Entre os pioneiros estavam também Siona Casimiro (já falecido), Avelino Miguel, Reginaldo Silva, Graça Campos, Mário Paiva, William Tonet, Ramiro Aleixo, Victor Aleixo, Sara Fialho, Anastácio de Brito, Adelino Marques de Almeida e Ismael Mateus. Mas é sobre Aguiar dos Santos que pretendemos falar. Profissional de “pena fina”, moldada na Angop, integrou o primeiro grupo de jovens angolanos enviados à então Jugoslávia para se formar no Instituto Superior de Jornalismo de Belgrado.
Ao regressar, voltou a integrar os quadros da Revista Novembro, à época dirigida pelo nacionalista Roberto Victor de Almeida, que mais tarde se tornaria vice-presidente do MPLA. Ansioso por pôr em prática os conhecimentos adquiridos em Belgrado, transferiu-se para a Angop, órgão que considerava “uma verdadeira escola”.
Posteriormente, por decisão própria, deixou o sector público e passou a trabalhar como correspondente de órgãos internacionais como a RFI e a France Press, em Luanda. Integrou também o grupo que criou o Correio da Semana, primeiro jornal privado na Angola independente, onde viria a ser chefe de redacção. Colaborou no Imparcial Fax, dirigido pelo malogrado Ricardo de Melo, onde mantinha uma coluna intitulada “Angola dos Pequeninos”.
Nela, escrevia sob três pseudónimos distintos — Varanda de Castro, Sebastião Desta Vez e Lukeni Vladimir —, recurso que lhe permitia explorar diferentes vozes, estilos e perspectivas sobre o país. Anos depois, em 1996, em companhia dos jornalistas Mário Paiva e Ramiro Aleixo, fundou a primeira cooperativa de jornalistas em Angola – a Globalmedia – Jornalistas Associados, SARL. A este trio de empreendedores, liderado por Aguiar dos Santos, juntar-seiam nomes como Pires Ferreira (falecido), José António Freitas (homenageado postumamente), Fernando Martins, Luísa Rogério, entre outros.
Apesar de deter apenas 25% das ações, Aguiar dos Santos foi escolhido para dirigir a cooperativa e a publicação que ela haveria de criar.
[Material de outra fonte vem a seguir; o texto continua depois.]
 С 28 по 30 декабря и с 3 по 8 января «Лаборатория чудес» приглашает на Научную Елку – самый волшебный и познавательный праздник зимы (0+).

Num contexto marcado pela guerra e por forte restrição à liberdade de imprensa, os “10 destemidos” surpreenderam o país ao lançar, a 7 de Janeiro de 1997, o semanário AGORA, com apoio da ADRA — organização dirigida por seu irmão, o engenheiro agrónomo Fernando Pacheco.
O slogan da publicação traduzia bem a paixão deles pela profissão: “AGORA: mais do que um jornal, uma paixão.” Além dos textos informativos, Aguiar revitalizou a coluna Fio do Prumo, transformando-a numa referência do jornalismo opinativo em Angola.
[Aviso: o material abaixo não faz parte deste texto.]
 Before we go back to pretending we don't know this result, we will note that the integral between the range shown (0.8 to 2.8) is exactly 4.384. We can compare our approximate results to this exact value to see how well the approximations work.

Certo dia, num contexto semelhante ao actual, não se sabe se por furo ou por faro jornalístico, publicou o nome de Manuel Domingos Vicente, então PCA da Sonangol, como potencial candidato à Presidência ou VicePresidência da República.
O artigo, intitulado “E se esse homem irrompe pelo Palácio?”, teve o impacto de uma “bomba”. Na edição seguinte, Aguiar voltou ao tema, revelando a reacção de Manuel Vicente ao ver-se na capa, com o referido título em letras garrafais. A nova manchete foi igualmente certeira: “Não ‘paniques’, Manuel Vicente.”
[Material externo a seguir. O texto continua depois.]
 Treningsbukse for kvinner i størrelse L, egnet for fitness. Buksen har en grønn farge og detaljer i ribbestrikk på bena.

A sua habilidade com títulos era fruto de um talento natural aliado a muita leitura. Ainda assim, antes de fechar a capa do jornal, fazia questão de ouvir seus colaboradores – um gesto de humildade raro.
Quando fui admitido nos quadros do jornal, sediado na casa n.º 66 da Rua Lourenço Mendes da Conceição, conviviam ali grandes nomes: os mestres Aguiar dos Santos e António Freitas (já falecidos), e jornalistas como Júlio Gomes, António Miguel, Augusto Nunes, Tom Carlos, e mais tarde Ireneu Mujoco, Manuel Lutomatala, Gaspar Micolo, Michel Canhanga, Kim Alves, Francisco Cabila e Ernesto Gouveia (estes dois também já partiram para outra dimensão). De lá já haviam saídos profissionais notáveis que hoje vão prestando o seu contributo ao país em diversos sectores.
A redacção do AGORA era uma autêntica escola, onde as lições de História de Angola, Ciência Política, Ética e Amor à Pátria aconteciam diariamente. Nós, os mais jovens, ouvíamos os veteranos como os “meninos à volta da fogueira”, retratados na emblemática canção “Os Meninos do Huambo”, de Rui Mingas. À noite, no frenesim do fecho da edição, havia uma pausa para o churrasco.
Testemunhando o diálogo entre o director Aguiar, o chefe Freitas e o revisor de serviço (acompanhando de sorrisos), em plena redacção, aprendíamos mais sobre o valor da liberdade e os desafios que o país tinha pela frente para atingir os tão almejados níveis de desenvolvimento humano e crescimento económico.
Certa vez, com seu humor peculiar, Aguiar contou um episódio em que foi convidado pela Presidência da República para a cerimónia de cumprimentos de fim de ano – um acto que designava por “beija a mão”. Ao chegar, surpreendeu os presentes.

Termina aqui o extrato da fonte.